A few months ago, while walking my two young girls to a soft play centre, I was struck by a thought – the journey is just as important as the destination
I think it was half term at the time, which explained I wasn’t in my usual “we’re late for nursery AGAIN” morning rush. So I’d let my toddler L set the pace as we walked. As I watched her scoot along, I saw her face light up in pure joy as she negotiated London’s bumpy pavements, looking back to let me know she’d done it “All by myself Mummy!”
And in that moment I realised that the moments and minutes that help us get to where we are going are as important to her as wherever we wind up.
And it saddened me to realise that when I rush her and hurry her as I often do because of my need to be at X location by Y time, I miss the point by her standards – I miss out on experiencing the adventures big and small as seen through her eyes.
All this got me thinking – so much of the big moments, the special moments, the epic moments in life happen on the bumpy road in between. In the spaces and groves between where we are now and where we aspire to be.
For example – my husband and I dream of owning our own house. And as we look ahead and dream and imagine, its easy to miss the beautiful, chaotic, incredible right nows that take place in our slightly run down, totally not to my taste three bed rental property.
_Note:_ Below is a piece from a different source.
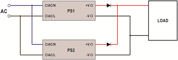 傳統(tǒng)冗余電源接法是由2個或多個電源于正端分別串接二極管的方式并聯(lián)輸出至電源總線上,如圖二所示??梢宰?個電源單獨(dú)工作,也可以讓多個電源同時(shí)工作。當(dāng)其中1個電源出現(xiàn)故障時(shí),由于二極管的單向?qū)ㄌ匦裕粫绊戨娫纯偩€的輸出。

Because right now, this is our home. This is where I’ve painted second hand furniture we picked up from random places and tried to turn an empty shell into a home. This is where I watched my firstborn grow out of babyhood and into a toddler. This is where I brought our second baby back to after our crazy labour adventure in hospital. This is where we sit around the table and laugh together. This is where I’ve torn my hair out trying to work out the best way to discipline my daughter as she ran into her Trying Two’s stage. Where we potty trained our eldest, and weaned both onto solids. It’s where my husband and I have enjoyed many a quiet night in, dreaming, talking, not talking, watching, singing, being, doing. Where we’ve celebrated victories big and small, negotiated challenges, and where we’ve been real. This is our right now home. And as thankful as I will be for a space that we will call our own (understatement of the century!) I never, ever want to forget all the highs, lows, mundanes and meaningfuls that happened inbetween, in this home we’ve borrowed for a few years.
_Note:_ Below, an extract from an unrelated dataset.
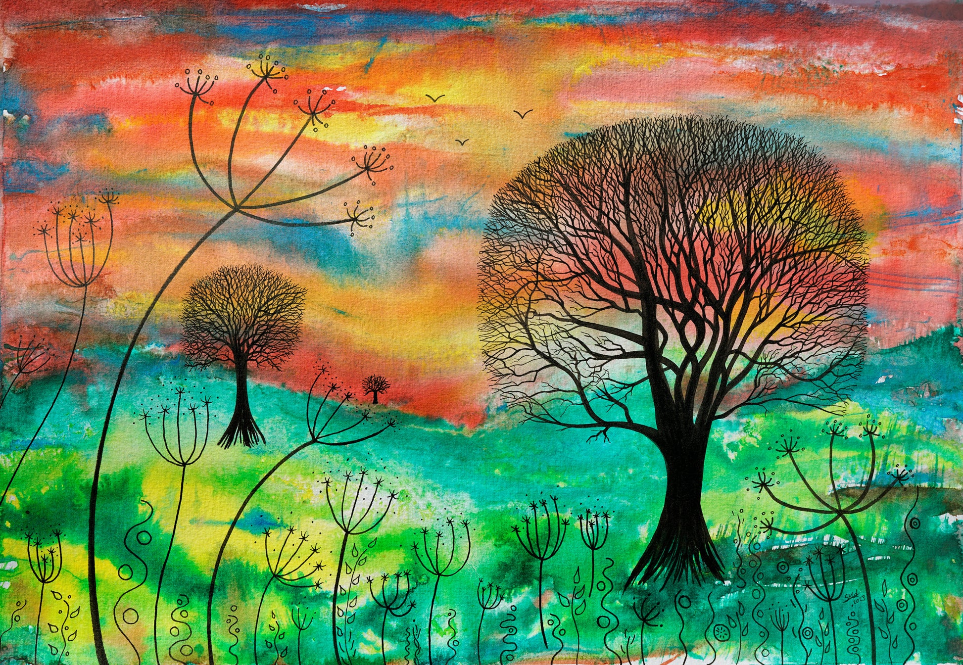 With every stroke, the scene is spun, A frolic beneath the setting sun.

I’m realising that the same is true for all areas of my life.
I want to be able to enjoy the present – warts, imperfections and all – and not let looking forward to the next big cause me to miss out on my right now.
I’ve heard it said that God stretches us most in times of pain, and times of waiting. While waiting is no doubt uncomfortable, I’m learning to fight it less, and embrace the moment more, in the hope that I don’t miss any key lessons and milestones on the way.
So for example, as we save and wait for the right time to buy a house, I’m learning to trust that the same God who has has provided for us in so many ways before is going to come through on the house front. I’m learning to lean into my husband more as he grows into his role as head of and provider for our family. I’m learning to trust, fullstop. I’m also learning to manage a house better, be a mother, and make space for me rediscover who I am. It’s hard. It’s frustrating. But it’s my real, and it’s my right now. Watch this space, I’ll keep you posted.